By Rob DeHollander, managing principal, DeHollander & Janse Financial Group
In my career, I’ve worked with a lot of families and business owners over the years. The typical cycle of wealth creation involves growth, preservation, and eventual distribution of assets as a financial legacy. I’ll address the legacy step in a future column. This month, I’d like to address the preservation step, particularly as it relates to health care. This is often one of the hardest and most often overlooked financial planning steps for many clients. There is an emotional bias against this area of planning, especially for successful individuals. Who wants to think about the idea that someday they may experience diminished physical or cognitive ability? It can be a hard conversation, but it is a critical one to have with your loved ones.
Moving beyond fear
Most of us are aware that life expectancies are on the rise. However, we avoid thinking about getting older, getting sick, and having to pay for health care for a prolonged period. Medicare and Medigap premiums, deductibles, and copayments alone can consume a significant portion of your income. And long-term care expenses can quickly drain even a large nest egg.
Here are four questions to help get the process started:
What were your parents’ health care experiences like?
Before you begin wrestling with your own goals and concerns, think about your family’s experience:
- How old were your grandparents when they died? What illnesses were common among other family members of their generation? You may remember that your grandmother was very forgetful, but you likely don’t remember a diagnosis of dementia.
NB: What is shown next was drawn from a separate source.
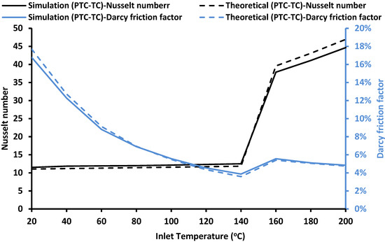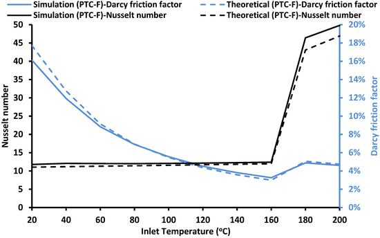 As is depicted in Figure 4, the transition to the turbulent state was different for each PTC. More specifically, the transition happened from 140 °C to 160 °C in the PTC-TC and in the range of 160 °C to 180 °C in the PTC-F. This difference existed due to the higher temperature levels of the PTC-TC against the PTC-F. Hence, the theoretical models were applied for the whole operating temperature range by also taking into consideration the transition regions, which came from Figure 4. Figure 5 presents the verification results concerning the Nusselt number and the Darcy friction factor for the PTC-TC. The respective results for the PTC-F are given in Figure 6.

- Does longevity run in your family? Are your and your spouse’s parents still alive? Are they in good health, or are they declining physically or mentally?
- What were some lessons learned from your grandparents’ and parents’ final years? For example, did an uncle or aunt — or brother or sister — take on caregiving? How did the caregiver feel about that?
How and where do you want to live?
Next, consider how you want to age and how you want to use your assets for your care:
- Have you thought about long-term care and what it would cost?
- What resources do you have for funding health care?
- Have you thought about assisted living? If so, what type of assisted living or continuing care residence would offer you the lifestyle you want?
- If assisted living doesn’t appeal to you, have you considered selling your house and downsizing to a smaller and easier-to-maintain living space, such as a condominium?
- Will you rely on your children to be your caregivers? One child may be willing to be your caregiver, but has he or she considered how those duties will impact his or her employment and finances?
- Would you consider relocating to another part of the U.S.? Perhaps your children live in different states, but one of them is more than willing to serve as your future caregiver. Would you be willing to leave established friendships and activities to move where this son or daughter lives?
Whom do you trust?
Over time, most people experience some cognitive decline. Senior fraud has reached epidemic levels and can be devastating. Whom do you trust to manage your assets and carry out your financial plan if you are no longer able to?
After answering this key question, you’ll want to consider several related and equally important issues:
- Do you have basic estate planning documents, including a last will and testament, power of attorney (POA), and health care POA? If you do have these documents, how old are they? Do they need to be revised?
- When do you want your general durable POA to take effect — immediately or only years from today after you lose capacity?
- Do you have a revocable trust? If so, was it drafted and executed before the federal portability and increased exemption amounts became effective?
- Are the beneficiary designations on your assets correct and up to date? Remember: Those designations — not the terms of your will — determine the distribution of your assets.
What’s your family dynamic?
Finally, ask your children and heirs whether they will be able to put aside any long-standing differences and follow through with your wishes. This can be the most difficult question to answer objectively. Your children may not react well to the subject of your lifetime health care needs. Even though it’s a hard conversation, it’s one worth having. Your heirs will thank you for proactively planning and making these tough decisions clearer and easier when the time comes.
Robert DeHollander is a managing partner and co-founder of the DeHollander & Janse Financial Group in Greenville.